Brett Sutton is the wrong choice for Victorian of the Year
Brett Sutton had a very difficult job and he didn’t do it well enough.
He makes a strange choice as Victorian of the Year, appointed by a group that knows its way around Melbourne but not necessarily its way around Melbourne’s thinking.
While a lot of criticism levelled at Sutton was excessive, he failed the Victorian community by being so extreme in his restrictions.
In turn, the Victorian government failed the electorate by not calling out the nonsense of closed playgrounds, all night curfews and the like.
I, for one, strongly supported the government following national cabinet, prime ministerial and mainstream health advice, particulary before sufficient vaccinations were made available and the globe slowly started heading in the right direction.
Restricting movement worked.
However, it’s a poor legacy that Melbourne became one of the world’s most locked down cities, damaging the community spirit and exacerbating the alarm that was coursing through every street.
It’s ironic that Gladys Berejiklian was found to be corrupt this week; millions of Victorians would have killed for the NSW experience during 2020.
During 2020, when the Victorian government dropped the Covid-19 ball under incredible pressure, there were informal discussions about whether or not Sutton should be removed as Chief Health Officer.

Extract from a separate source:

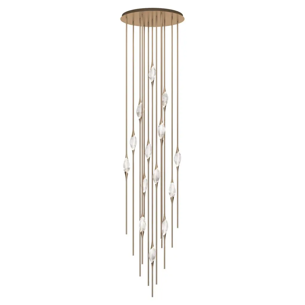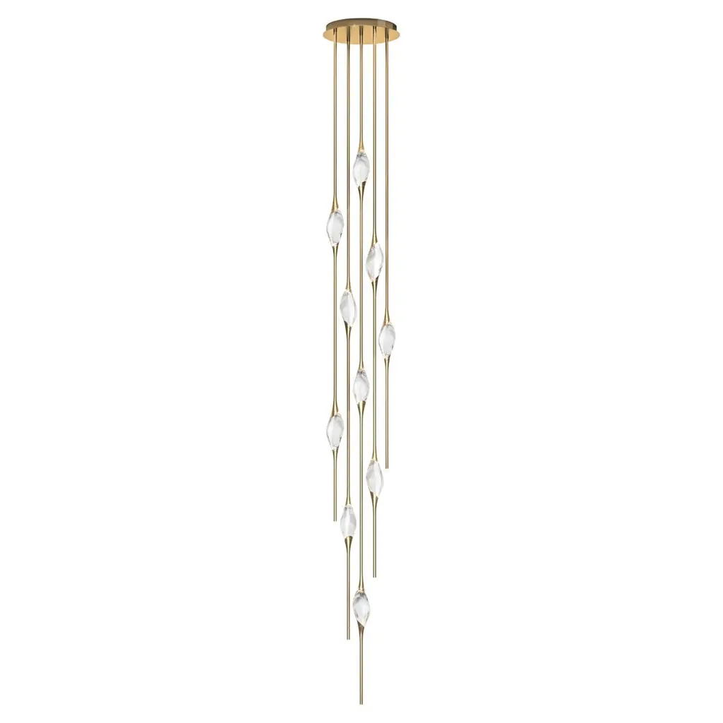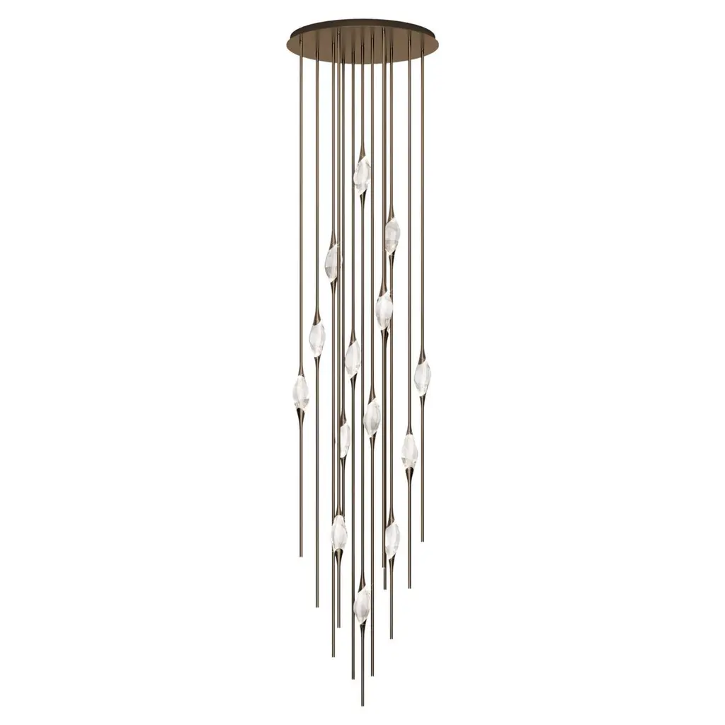 Il Pezzo 12 is a female figure suspended in the air, carrying in her womb the light. It’s nimble, refined, addictive.The solid clearest crystal, brilliantly illuminated by two LEDs, diffuses ambient light and casts mesmerizing patterns throughout the room. It’s suspended between brass stems and brass casting rings, available in different finishes. The fixture is adorned with an additional LED at the end of each stem to provide direct lighting. Experiencing the exquisite craftsmanship of this piece, combined with highly advanced LED technology, is truly fascinating.Il Pezzo 12 allows to create clusters able to satisfy the most demanding designs by creating fascinating compositions.Each chandelier is numbered and shows the “Missing Piece” (“Pezzo Mancante” in Italian): a small brass cylinder containing a unique serial number, guarantees its authenticity and individuality.Custom sizes and finishes are also available to suit every preference.All our masterpieces are meticulously crafted in our Atelier located in Florence, Italy, from a small team of people driven by a shared passion for quality and beauty. We constantly strive to create unparalleled works of art, where each piece is a testament to our commitment to craftsmanship and innovation.Structure: BrassFinish: BronzeDiffusers: Solid crystalLight source: 2.700K LED, CRI>90, dimmable.Size: ø90 x H 550 cm - ø35.5" x H 216.5 (custom size on request)ETL certified UL and CSA standards compliant.

The government conclusion was that it would be political suicide to jetison the bloke in charge of the pandemic response.
The chief attribute he brought to the table, according to people who worked closely with him, was a detached calm, even at the height of the response.
This goes some way towards explaining why Sutton was held to be so popular among parts of the community. Principally, it seems, older women who warmed to his press conference manner.
It speaks volumes that when Sutton recently announced he was moving on as CHO, Dan Andrews was not by his side.
Andrews understands the optics. The people who chose Sutton to be Victorian of the Year don’t.
Sutton was not a bad person, but he was the wrong bloke for the pandemic job.